Only the lines of the listing below that run from the line with "The number of" through the line with "Die Theke setzt" are to be set down, word for word. Pictures stay out.

DATA SUPPLIED:

BEGIN

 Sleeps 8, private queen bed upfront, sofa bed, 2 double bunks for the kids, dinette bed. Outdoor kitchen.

END
BEGIN

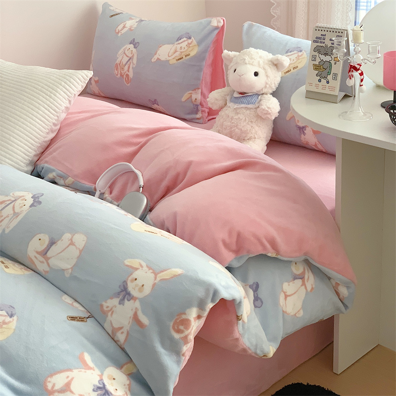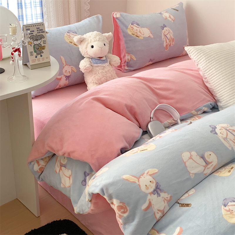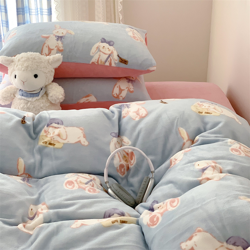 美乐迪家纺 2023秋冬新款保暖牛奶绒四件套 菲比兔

END
BEGIN

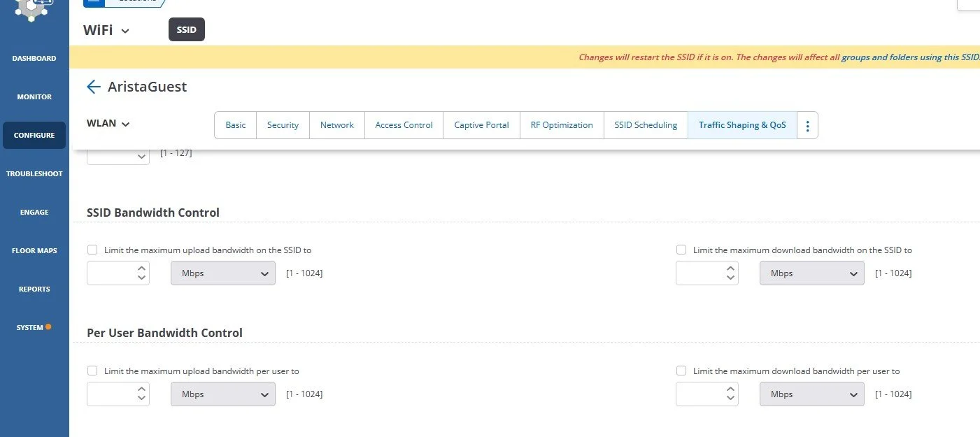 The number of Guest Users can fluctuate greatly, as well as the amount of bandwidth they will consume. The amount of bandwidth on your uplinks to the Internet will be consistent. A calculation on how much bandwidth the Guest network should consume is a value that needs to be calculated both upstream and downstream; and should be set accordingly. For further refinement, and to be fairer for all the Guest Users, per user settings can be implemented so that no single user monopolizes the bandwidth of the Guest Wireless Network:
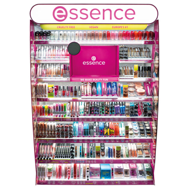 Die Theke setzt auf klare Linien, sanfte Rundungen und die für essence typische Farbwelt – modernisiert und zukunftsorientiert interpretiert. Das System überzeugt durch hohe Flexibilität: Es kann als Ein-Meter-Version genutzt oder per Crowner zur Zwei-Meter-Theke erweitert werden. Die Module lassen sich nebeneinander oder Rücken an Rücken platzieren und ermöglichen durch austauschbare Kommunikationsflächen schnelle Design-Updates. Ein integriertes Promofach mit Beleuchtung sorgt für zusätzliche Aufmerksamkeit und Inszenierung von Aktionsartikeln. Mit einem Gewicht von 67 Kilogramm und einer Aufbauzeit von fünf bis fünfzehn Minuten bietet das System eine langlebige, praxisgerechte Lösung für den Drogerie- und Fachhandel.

END

WRITTEN SOLUTION:
 The number of Guest Users can fluctuate greatly, as well as the amount of bandwidth they will consume. The amount of bandwidth on your uplinks to the Internet will be consistent. A calculation on how much bandwidth the Guest network should consume is a value that needs to be calculated both upstream and downstream; and should be set accordingly. For further refinement, and to be fairer for all the Guest Users, per user settings can be implemented so that no single user monopolizes the bandwidth of the Guest Wireless Network:
 Die Theke setzt auf klare Linien, sanfte Rundungen und die für essence typische Farbwelt – modernisiert und zukunftsorientiert interpretiert. Das System überzeugt durch hohe Flexibilität: Es kann als Ein-Meter-Version genutzt oder per Crowner zur Zwei-Meter-Theke erweitert werden. Die Module lassen sich nebeneinander oder Rücken an Rücken platzieren und ermöglichen durch austauschbare Kommunikationsflächen schnelle Design-Updates. Ein integriertes Promofach mit Beleuchtung sorgt für zusätzliche Aufmerksamkeit und Inszenierung von Aktionsartikeln. Mit einem Gewicht von 67 Kilogramm und einer Aufbauzeit von fünf bis fünfzehn Minuten bietet das System eine langlebige, praxisgerechte Lösung für den Drogerie- und Fachhandel.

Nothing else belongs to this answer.